Marine patrol to continue 'heightened enforcement'

Dylan Goetz • Jul 3, 2018 at 12:00 PM

The Ottawa County Sheriff’s Office says it will continue heightened patrols and enforcement aimed at identifying intoxicated boating for the Fourth of July holiday, following a weekend worth of such efforts for Operation Dry Water.

The operation is a movement to remind boaters of the dangers related to alcohol consumption while boating. Although it is legal to drink while boating if you are under the legal limit, the Sheriff’s Office still urges boaters to limit their alcohol consumption.

From June 29 to July 1, the Sheriff’s Office added marine patrols in all major bodies of water in Ottawa County. During that time period, the deputies caught two boaters who were operating while intoxicated.

Marine patrol deputies interacted with 230 boaters on a total of 73 stops during the period.

Sgt. Eric Westveer of the marine unit said that finding drunk boaters is similar to finding drunk drivers — they are using careless boating practices.

“Each area is unique,” he said. “A lot of people stay inland in Spring Lake, but in Holland, more people go to the bigger waters. Big lake waters are much more dangerous.”

Westveer said it is common to receive a call about suspected drunk boaters on the water.

For the July 4 fireworks shows in Grand Haven and Holland, Westveer said the Sheriff’s Office will be setting up a safety perimeter well before dusk.

Westveer said police anticipate higher boating numbers this summer than in years past. Over the Operation Dry Water weekend, he said he saw increased boat traffic, likely due to the warm weather.

“Always limit your alcohol and remember to wear life jackets,” Westveer said, in preparation for Fourth of July and a week’s worth of boating weather. “Be conscious of the fact that there will be more boaters on the water.”

Coast Guard boating statistics

The U.S. Coast Guard released its 2017 Recreational Boating Statistics in late May, revealing that boating fatalities nationwide that year totaled 658, a 6.1 percent decrease from 2016.

Among the findings: Alcohol continues to be the leading known contributing factor in fatal boating accidents.

From 2016 to 2017, recreational boating injuries also decreased 9.4 percent, from 2,903 to 2,629, and the total number of accidents decreased 3.9 percent, from 4,463 to 4,291. However, the report also shows it was the second highest number of fatalities on record in the last five years.

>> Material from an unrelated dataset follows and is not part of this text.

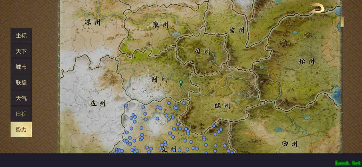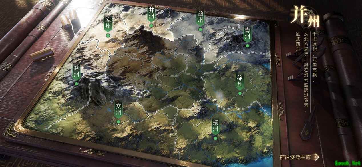 。 《鸿图之下》几乎照搬了三国的全部地貌,并将之细化分布,其中玩家可以选择八个州作为自己的起点,每一个州还有一段批语,概述其地势地貌,比如交州的批语是“水起沧澜,岭南巅。提三尺剑,扫蛮荒!”。三国时期最南部的交州就是一处偏远蛮荒的区域,后续才被吴国孙权吞并收复。 游戏中的细节并不止如此,不同的州中还有各种城市,城市的分布都参考了三国的历史与中国地形。这其中还有一个颇为有趣的小插曲,公测第一天我朋友与我一起入驻交州后,为了确认双方位置,截了显示自己要塞的缩放地图,而他看到缩放地图的城市后居然脱口而出,这交州是不是包括了越南。而交州确实就是西汉,汉武帝派兵剿灭南越国后设立的交趾刺史部,也就是如今越南河内西北,可见鸿图充分还原了历史地貌,

“Although these lower numbers are encouraging, I ask those who boat to continue to do so responsibly, especially by donning a life jacket,” said Capt. Scott Johnson, chief of the Office of Auxiliary and Boating Safety at Coast Guard Headquarters. “Wearing a life jacket is the single-most important thing you can do to save your life or the life of someone you care about.”

Johnson cites a heart-wrenching case in which an 18-year-old who had been preparing to wakeboard unexpectedly fell overboard with a life jacket in his hand. He never resurfaced.

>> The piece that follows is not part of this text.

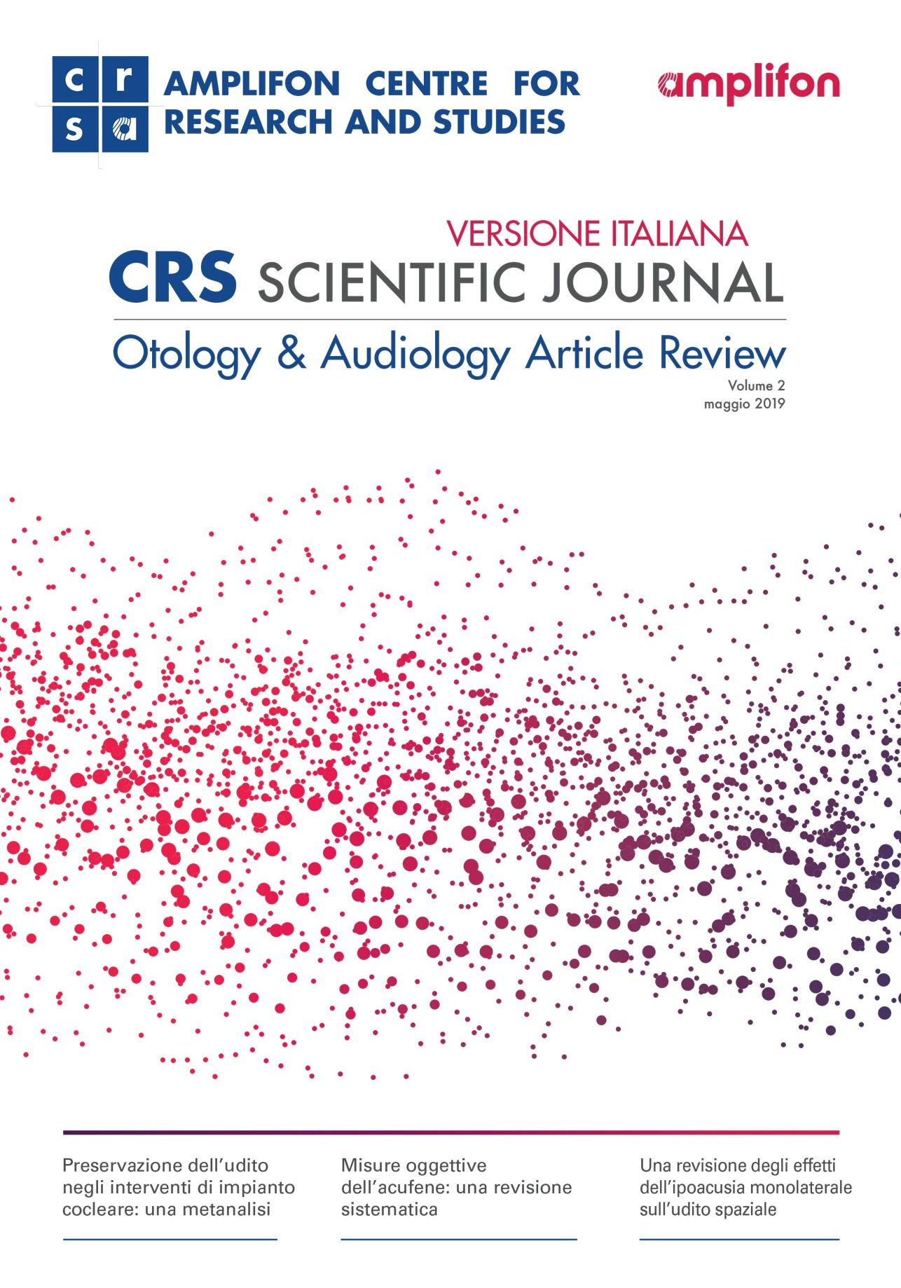 Esplora l'archivio del CRS Scientific Journal, la pubblicazione dedicata ai professionisti sanitari in ambito otorinolaringoiatria, audiologia, foniatria e audioprotesi.

“When you need a life jacket, you need it on — not in your hand or stowed away out of reach on your boat,” Johnson said. “This tragedy was entirely preventable.”

The report also shows that in 2017:

— The fatality rate was 5.5 deaths per 100,000 registered recreational vessels. This rate represents a 6.8 percent decrease from last year’s fatality rate of 5.9 deaths per 100,000 registered recreational vessels.

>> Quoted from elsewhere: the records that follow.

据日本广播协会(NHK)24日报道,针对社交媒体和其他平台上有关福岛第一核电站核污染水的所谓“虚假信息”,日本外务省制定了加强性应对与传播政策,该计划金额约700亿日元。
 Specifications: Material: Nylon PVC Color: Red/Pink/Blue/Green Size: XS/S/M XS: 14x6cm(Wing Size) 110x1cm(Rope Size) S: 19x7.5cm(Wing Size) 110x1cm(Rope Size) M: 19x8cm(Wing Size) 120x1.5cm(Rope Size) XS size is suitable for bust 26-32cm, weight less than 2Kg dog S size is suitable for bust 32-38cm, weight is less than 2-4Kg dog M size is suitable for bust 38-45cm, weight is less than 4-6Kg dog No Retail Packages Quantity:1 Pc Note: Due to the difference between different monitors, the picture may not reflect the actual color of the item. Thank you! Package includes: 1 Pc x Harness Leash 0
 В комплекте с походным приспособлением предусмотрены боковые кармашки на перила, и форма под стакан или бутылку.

— Property damage totaled approximately $46 million.

— Operator inattention, improper lookout, operator inexperience, machinery failure and alcohol use rank as the top five primary contributing factors in accidents.

Johnson warns boaters of the impacts of alcohol use, noting a case in Connecticut where two inebriated people on a 32-foot boat were killed when it crashed into a breakwater.

“Alcohol was the leading factor in 19 percent of deaths,” Johnson said. “It is also a completely preventable factor. Never boat under the influence.”

Where the cause of death was known, 76 percent of fatal boating accident victims drowned. Of those drowning victims with reported life jacket usage, 84.5 percent were not wearing one.

“As a career Coast Guardsman, where it is my mission to prevent accidents and save lives on the water, it is extremely frustrating to see cases where something as simple as wearing a life jacket would have made the difference for life over death for 84.5 percent of the drowning cases,” Johnson said.

Where boating instruction was known, 81 percent of deaths occurred on vessels where the operator had not received boating safety instruction. The vessel types with the highest number of fatalities were on open motorboats, kayaks and personal watercraft.

You can view the 2017 Recreational Boating Statistics at uscgboating.org/statistics/accident_statistics.php.